Someone asked me today how to find a duplicate entry in a table. One of his tables became corrupted after SQL Server accidentally dropped his Unique Index constraint on a field. As a result, the same data got inserted multiple times and he needed a way to find out which and how to delete them.
So suppose you have a simple "book" table with two columns ("Id" and "Name") with the following data and "Id" is a primary key and is also identity. "Name" column should have a Unique Index constraint but was lost when the server crashed.
To locate the books with multiple entries, we can group a query like this:
SELECT Name, count(*) FROM book GROUP BY Name HAVING count(*) > 1
When it comes to deleting duplicate data, it's a little more complicated. One way is to create a temporary table, copy rows over to the temp table, truncate your original table and re-insert back from the temp table using the DISTINCT clause. So first thing is to always backup your table before you begin any big deletion. On other databases, you would use CREATE TEMP TABLE syntax and omit the pound (#) sign that SQL Server uses.
-- Create our temp table
CREATE TABLE #temp
(
Id int,
Name varchar(50)
PRIMARY KEY(Id)
)
-- Copy data to a temp table
INSERT INTO #temp SELECT * FROM book
-- Empty the table
TRUNCATE TABLE book
-- Copy unique data back to our original table
INSERT INTO book (Name) SELECT DISTINCT Name FROM #temp
-- Clean up
DROP TABLE #temp
You could have worked the other way around and insert unique data into the temp table by DISTINCT and then re-insert back to original table but I decided to copy all rows first since it will act as a rough backup.
Another way is to use "sp_rename" to copy over the original table and then INSERT INTO a new table again using SELECT DISTINCT. The copy is slightly faster and cleaner since you don't have to create any temporary table.

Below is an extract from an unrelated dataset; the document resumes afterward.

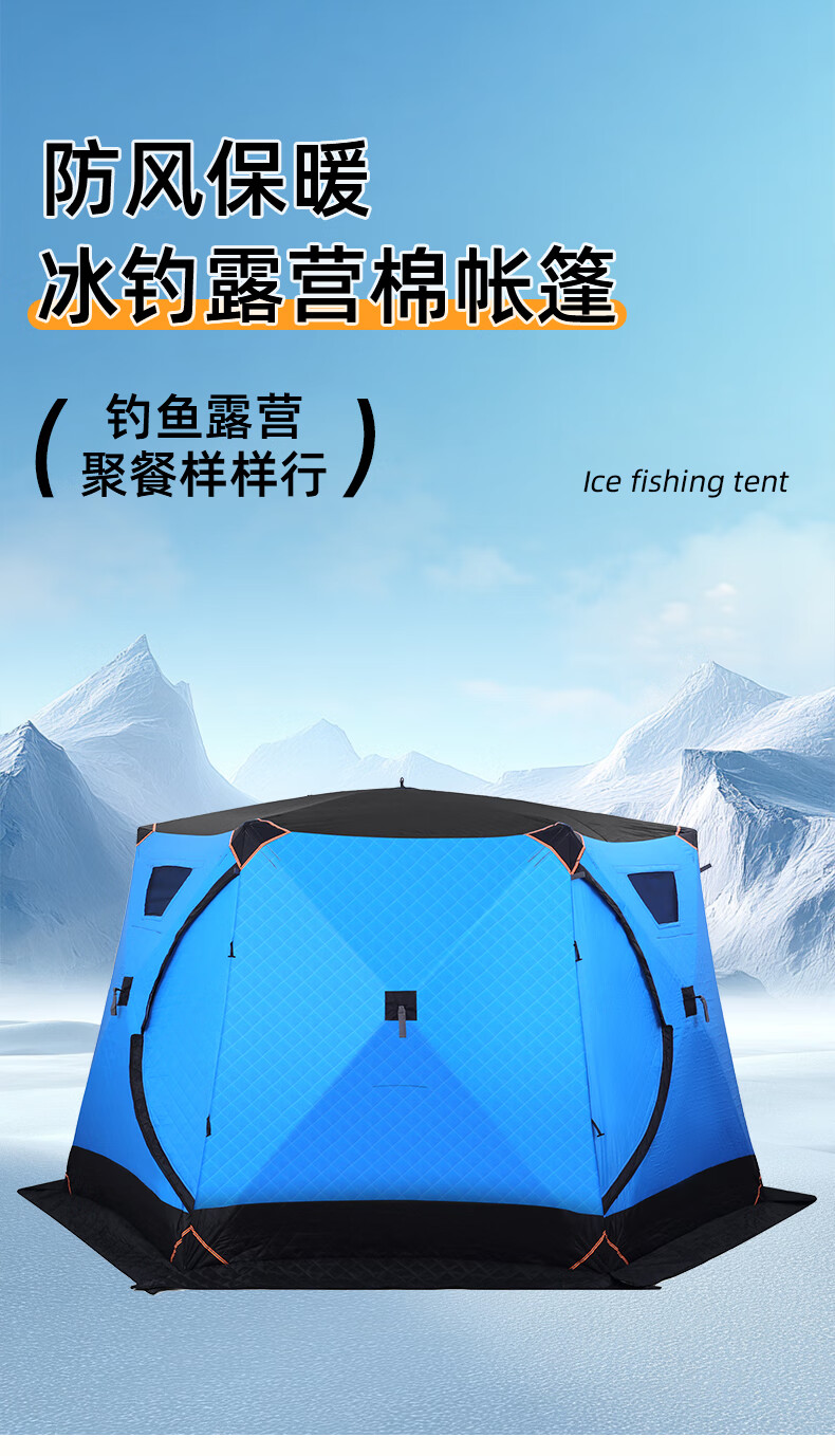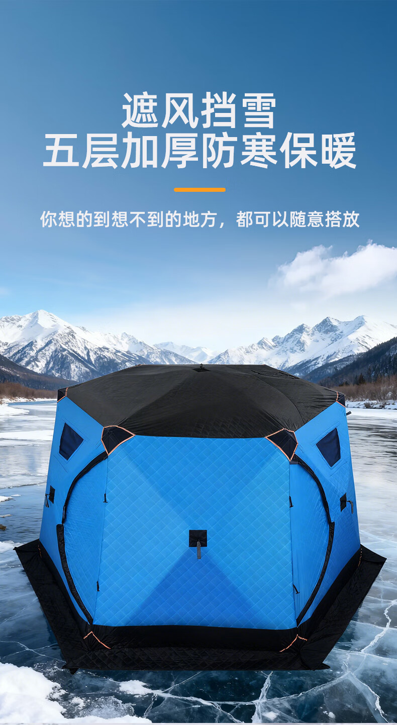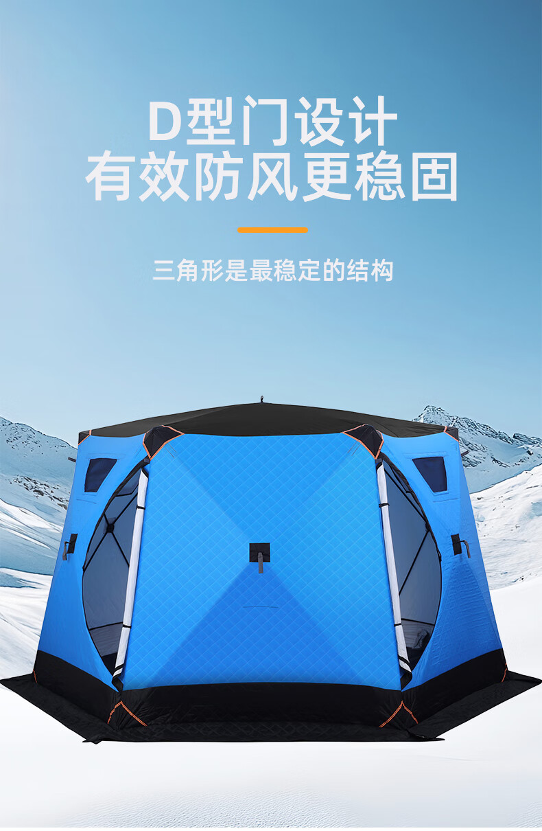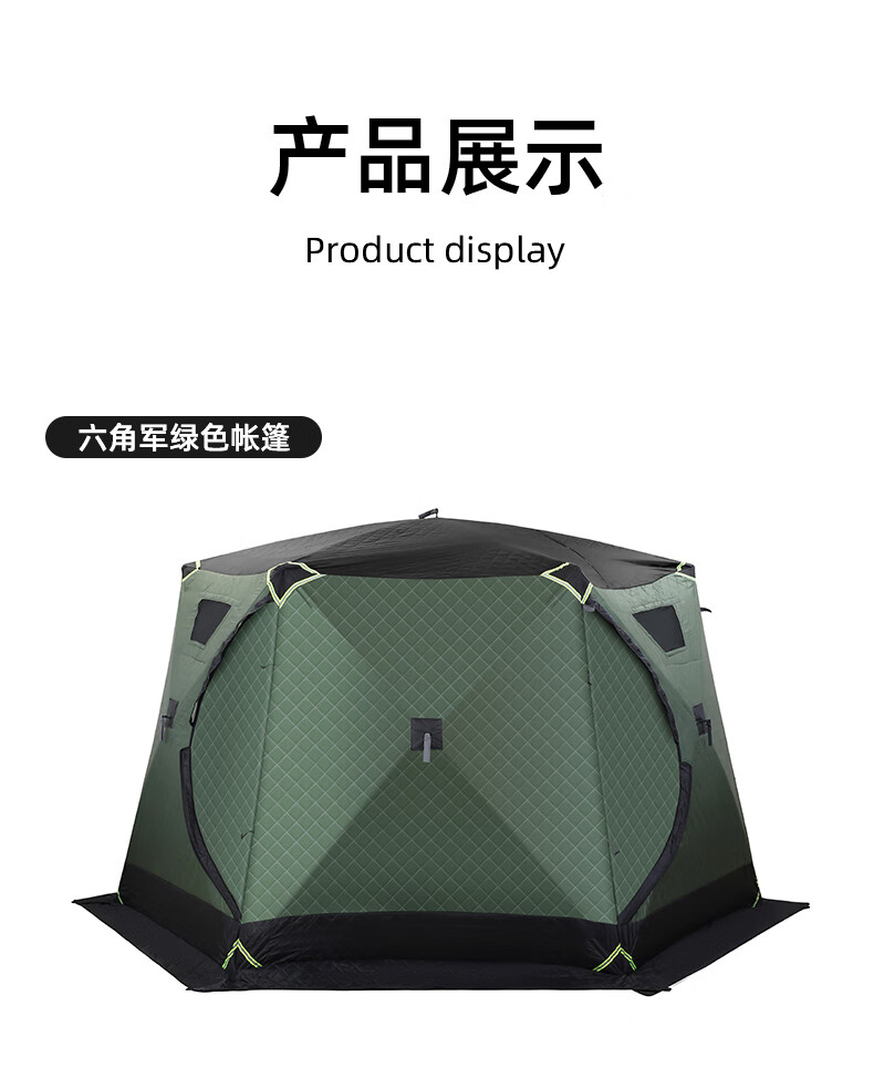 新款大六角帐篷冬季户外露营冰钓帐篷五层防寒保暖耐用抗磨 【防风保暖】8-20人六角帐篷-军绿色

If you're not running SQL Server, you can also use the ALTER TABLE ... RENAME TO ... command instead of sp_rename.
-- Rename table
sp_rename 'book', 'temp_book'
-- Create our table
CREATE TABLE book
(
Id int IDENTITY,
Name varchar(50)
PRIMARY KEY(Id)
)
-- Copy unique rows
INSERT INTO book (Name) SELECT DISTINCT Name FROM temp_book
-- Clean up
DROP TABLE temp_book
There you go, now you know how to deal with duplicate data next time your database crashes on you or you simply forgot to put a unique constraint.